Stefano D’Arrigo, scrittore e poeta, scelse Arcinazzo Romano per completare la sua opera: “Horcynus Orca”.

Scrittore, poeta e critico d’arte, ma non è sufficiente per definire la personalità di Stefano D’Arrigo, fra le più influenti del Novecento italiano.

Foto di D’Arrigo Stefano, tratta dal sito TreccaniEnciclopedia.it

Nato in provincia di Messina il 15 ottobre del 1919 da Giuseppe e Agata Miracolo, visse nel piccolo borgo affacciato sul Mar Mediterraneo di Al Marina (oggi Alì Terme). Ebbe un’infanzia non semplice, infatti il padre si separò dal resto della famiglia per trasferirsi negli Usa in cerca di fortuna.

La giovinezza

Dopo i primi studi, si spostò con la famiglia a Messina, dove s’iscrisse alla Facoltà di Lettere e Filosofia. Con l’avvento del Secondo conflitto bellico egli, come altri giovani, dovette unirsi all’esercito e così fu obbligato a iniziare il corso da allievo-ufficiali a Udine che fu interrotto, però, molto presto poiché fu nuovamente spostato in Sicilia. Nonostante i bombardamenti e lo sbarco degli alleati, riuscì a conseguire la laurea con una tesi su F. Hӧlderlin, poeta e filosofo tedesco che influenzò la sua successiva opera letteraria.  Nonostante il periodo così complesso e difficile, D’Arrigo, in seguito, dichiarò che fu tra quelli più formativi di tutta la sua vita, che gli insegnò come affrontare le avversità e portare avanti i propri piani.

Dopo la laurea, negli anni a seguire al 1946, visse tra Milano e Napoli, trasferendosi poi stabilmente a Roma.

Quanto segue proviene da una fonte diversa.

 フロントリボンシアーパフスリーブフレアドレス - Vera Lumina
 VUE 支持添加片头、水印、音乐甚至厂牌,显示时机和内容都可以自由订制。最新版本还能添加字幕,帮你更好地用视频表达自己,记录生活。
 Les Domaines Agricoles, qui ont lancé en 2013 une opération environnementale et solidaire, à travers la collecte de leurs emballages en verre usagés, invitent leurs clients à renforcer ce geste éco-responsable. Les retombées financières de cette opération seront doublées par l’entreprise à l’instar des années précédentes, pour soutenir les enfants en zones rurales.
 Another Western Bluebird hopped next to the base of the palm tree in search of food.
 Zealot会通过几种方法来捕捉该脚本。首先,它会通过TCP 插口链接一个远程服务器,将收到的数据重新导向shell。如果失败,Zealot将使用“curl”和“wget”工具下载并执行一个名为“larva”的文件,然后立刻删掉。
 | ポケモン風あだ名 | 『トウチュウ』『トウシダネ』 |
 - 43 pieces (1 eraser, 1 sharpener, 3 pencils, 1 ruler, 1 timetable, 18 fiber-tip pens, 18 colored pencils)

Nella capitale, ebbe modo di dedicarsi alle attività letteraria e alla sua grande passione, ossia l’arte, tanto che divenne uno dei più stimati critici d’arte contemporanea. Inoltre qui sposò Jutta Bruta, una ragazza che aveva conosciuto a Messina durante il periodo universitario. Jutta fu la sua compagna di vita e fu testimone della produzione di importanti opere letterarie, come lo Horcynus Orca.

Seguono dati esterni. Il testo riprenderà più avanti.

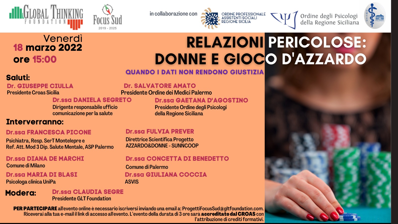 RELAZIONI PERICOLOSE: DONNE E GIOCO D'AZZARDO - QUANDO I DATI NON RENDONO GIUSTIZIA. Saluti: -Dr. GIUSEPPE CIULLA Presidente Croas Sicilia. -Dr.ssa DANIELA SEGRETO Dirigente responsabile ufficio comunicazione per la salute. -Dr. SALVATORE AMATO Presidente Ordine dei Medici Palermo. -Dr.ssa GAETANA D'AGOSTINO Presidente Ordine degli Psicologi della Regione Siciliana. INTERVERRANNO: -Dr.ssa FRANCESCA PICONE Psichiatra, Resp. SerT Montelepre e Ref. Att. Mod 3 Dip. Salute Mentale, ASP Palermo. -Dr.ssa FULVIA PREVER Direttrice Scientifica Progetto AZZARDO&DONNE - SUNNCOOP. -Dr.ssa DIANA DE MARCHI Comune di Milano. -Dr.ssa MARIA DI BLASI Psicologa clinica UniPa. -Dr.ssa CONCETTA DI BENEDETTO Comune di Palermo -Dr.ssa GIULIANA COCCIA ASVIS. MODERA: -Dr.ssa CLAUDIA SEGRE: Presidente GLT Foundation. PER PARTECIPARE all'evento online è necessario iscriversi inviando una mail a: [email protected]. Riceverai il link di accesso all'evento. L'evento della durata di 3 ore sarà accreditato dal CROAS con l'attribuzione di crediti formativi.
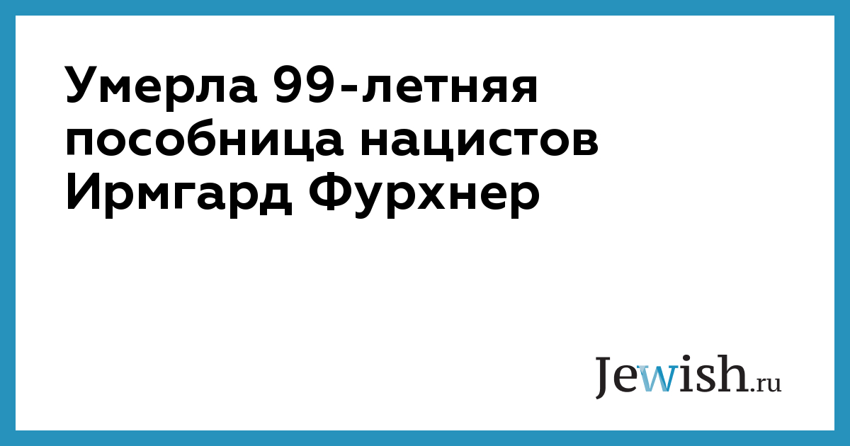 99-летняя Ирмгард Фурхнер, ранее признанная виновной в соучастии в убийстве более 10,5 тыс. узников концлагеря Штуттгоф во время Второй мировой войны, скончалась в доме престарелых в Квикборне, Германия. По данным портала Schleswig-Holsteinischer Zeitungsverlag, она умерла еще 14 января 2025-го, однако до СМИ эта новость добралась только сейчас.
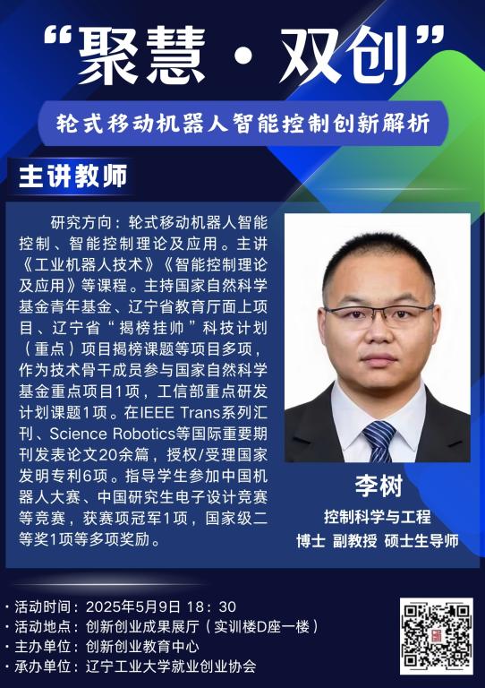 李树,工学博士,副教授,硕士生导师。研究方向:轮式移动机器人智能控制、智能控制理论及应用。主讲《工业机器人技术》《智能控制理论及应用》等课程。
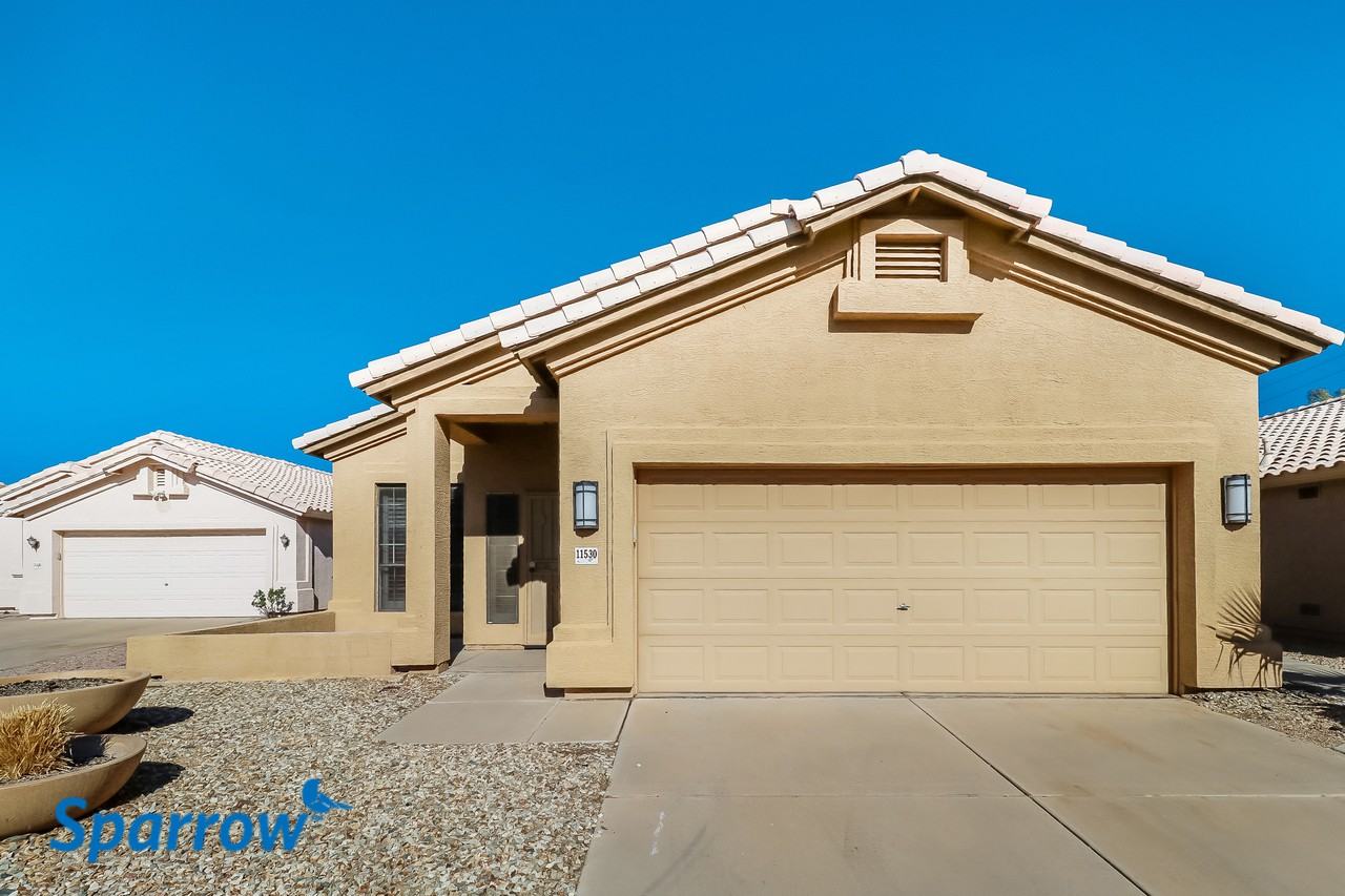 This classic 3 bedroom, 2 bath, single story home with 2 car garage is in the Coyote Lakes community of Surprise, AZ. Nestled between the 60, 303, and 101, you’re never far from the best shopping, dining, entertainment, and schools (Dysart UD) the area has to offer. The Coyote Lakes community amenities include a park, walking trails, and discounted membership rates at the Coyote Lakes Golf Club & Coyote Lakes Recreation Club. This home is filled with new features and fixtures including a brand-new AC system, new interior paint, and freshly painted cabinets. As you enter the home, crisp tile flooring carries you into the living, dining, and open kitchen. The kitchen features all stainless-steel appliances, Formica countertops, plenty of cabinetry, a pantry, and a breakfast bar island adjacent to the breakfast nook. Your spacious owner’s suite includes access to the patio and an en-suite bath with large walk-in closet, custom dual vanity sinks, garden tub, and modern open walk-in shower. The remaining 2 bedrooms also feature great closet space, plenty of natural light, and share a full bath. Outside, enjoy your fully walled backyard from the comfort of your covered extended slab patio. Don’t miss out on this modern flexible home and vibrant community – schedule a tour or apply today!

Non dobbiamo dimenticarci che erano gli anni del Neorealismo, di opere intramontabili come quelle di Pasolini o Vittorio de Sica e così che anche Arrigo entrò in contatto con questi ambienti culturali, stringendo delle profonde amicizie con E. Vittorini, E. Flaiano e G. Mazzullo. Nella casa di quest’ultimo tra l’altro erano soliti ritrovarsi intellettuali come Giuseppe Ungaretti e Cesare Zavattini.

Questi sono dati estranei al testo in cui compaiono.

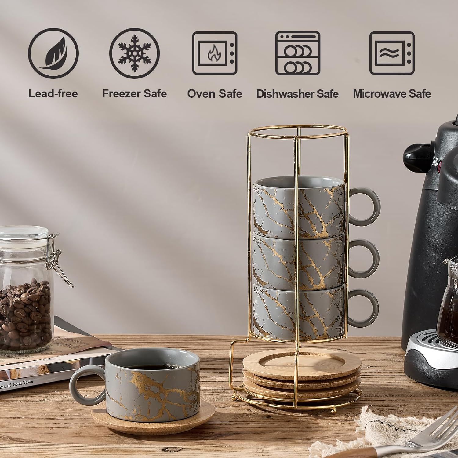 - 【Have A Coffee House Experience】A Simple yet classy design that perfectly fits your espresso maker. They have a cafe look that actually makes you feel like you're at a coffee shop abroad with our stackable espresso cups.
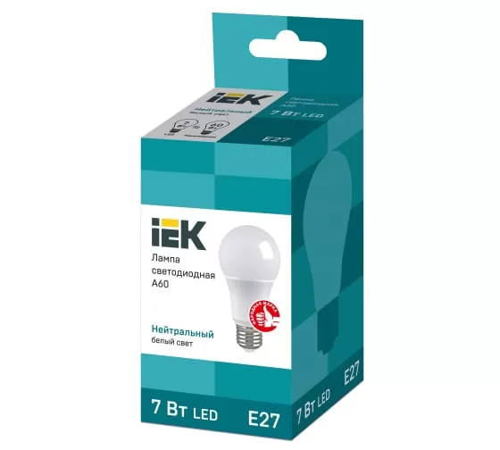 Технические характеристики IEK LED, A60, 7вт, 230В, 4000К, E27 LLE-A60-7-230-40-E27
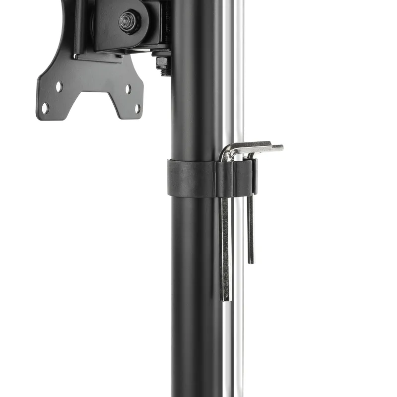 El soporte de montaje independiente es ideal para pantallas de 43,2 cm (17") a 68,6 cm (27"), con una capacidad máxima de peso de 6 kg. Compatible con interfaces de montaje de 75 x 75 mm y 100 x 100 mm, soporta una única pantalla, haciendo que sea perfecto para configuraciones de escritorio.
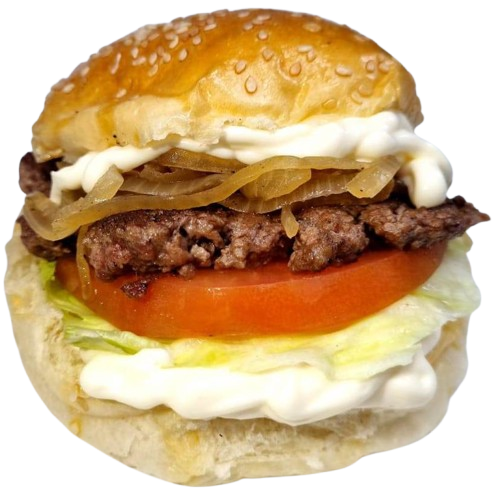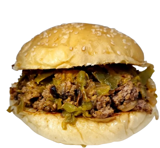 200g beef, Mayo, Cheese mushroom caramelized, onions, green peppers.
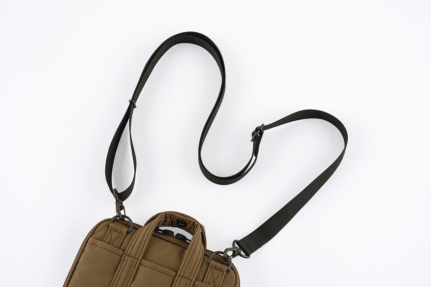 附有可調節長度的黑色肩背帶,方便攜帶,也可依喜好輕鬆拆卸。
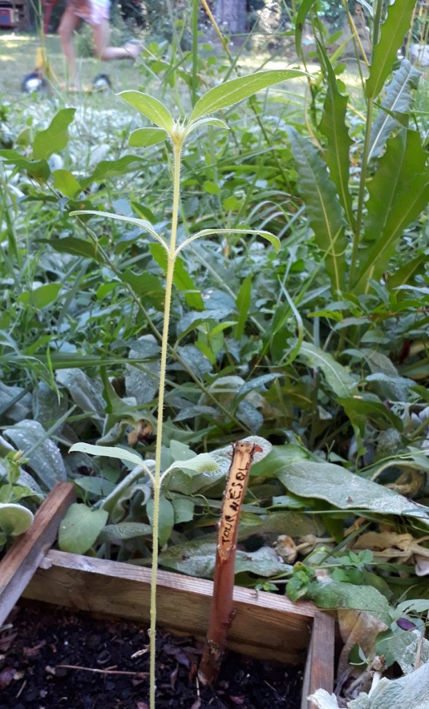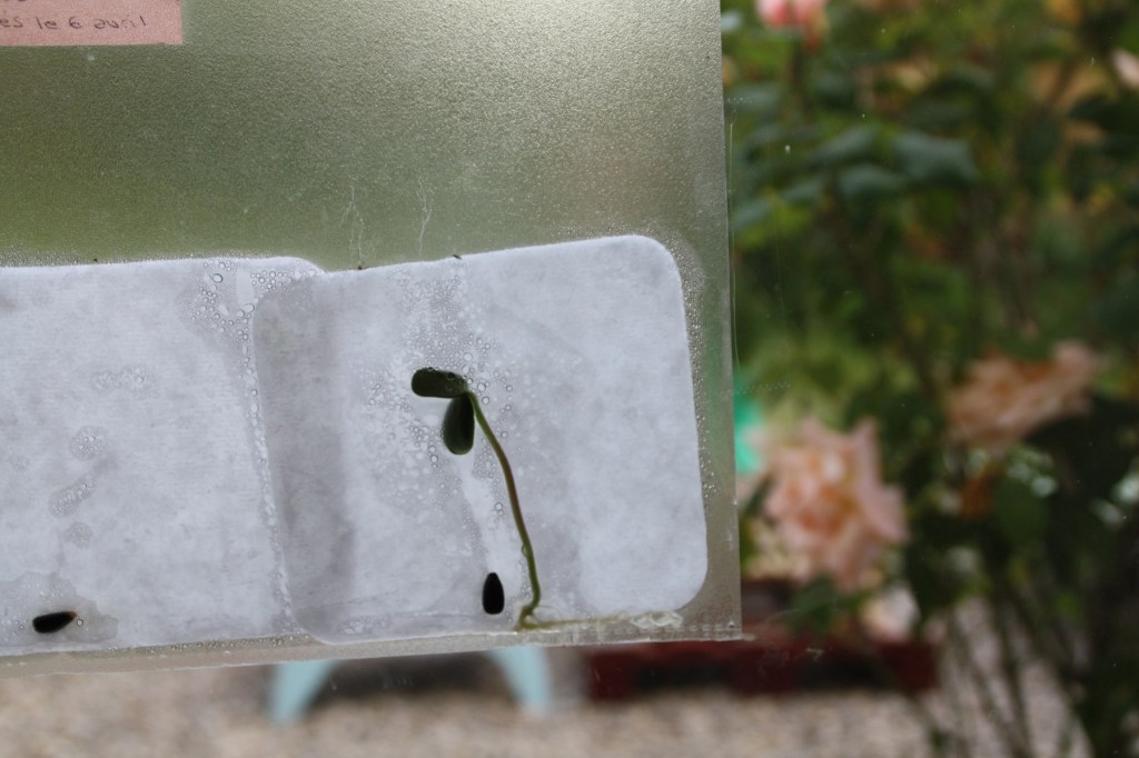 Presque chaque année, nous essayons de faire pousser des graines de tournesol… sans succès. Cette année, nous avons commencé par observer la germination de la graine. Dans une pochette plastique fixée sur une fenêtre, à l’intérieur de la maison, nous avons planté une graine de tournesol (enfin deux, mais une seule a germé) dans un peu de coton. Chauffée par le soleil, la pochette plastique jouait le rôle de serre. Nous avons pu voir la graine s’entrouvrir et la germe, puis la pousse grandir. Au bout de 10 jours, nous avons replanté cette jeune pousse dans le potager. Nous ne voyons toujours pas la fleur. Mais nous avons pu voir tout le cycle de vie du tournesol dans le livre Emy et les tournesols dont je vous parlerai demain.

Ritratto di Pasolini. WIkipedia.

Con il passare del tempo, la sua primaria occupazione divenne la critica d’arte, tanto che firmò diversi articoli per l’Espresso. La passione artistica lo spinse ad avvicinarsi alle opere di R. Gattuso, tra gli artisti italiani più rinomati del Novecento.

Gli anni del Dopoguerra

Dagli anni 1946-1960 possiamo far coincidere la sua prima e vera produzione letteraria; infatti risale al 1957 la pubblicazione di Codice Siciliano, una raccolta di diciassette liriche che ebbe un notevole successo a livello di critica. La sua opera certamente più nota e rilevante è il già citato Horcynus Orca: un poema epico moderno o, come da alcuni è stato definito un “libro-mondo”. Horcynus Orca, dunque, che cerca di superare il neorealismo, andando oltre i concetti e i simboli chiavi di tale corrente. Si tratta di un lavoro monumentale che porterà via molti anni a D’Arrigo, infatti, come lui stesso ha dichiarato, ci lavorò dal 1956 al 1974. L’instancabile stesura e la profonda revisione che fece, lo portarono anche ad avere problemi fisici. Soffriva, infatti, di emicranie violentissime. Fu un lavoro mastodontico che però lo consacrò tra le menti più brillanti del secolo scorso.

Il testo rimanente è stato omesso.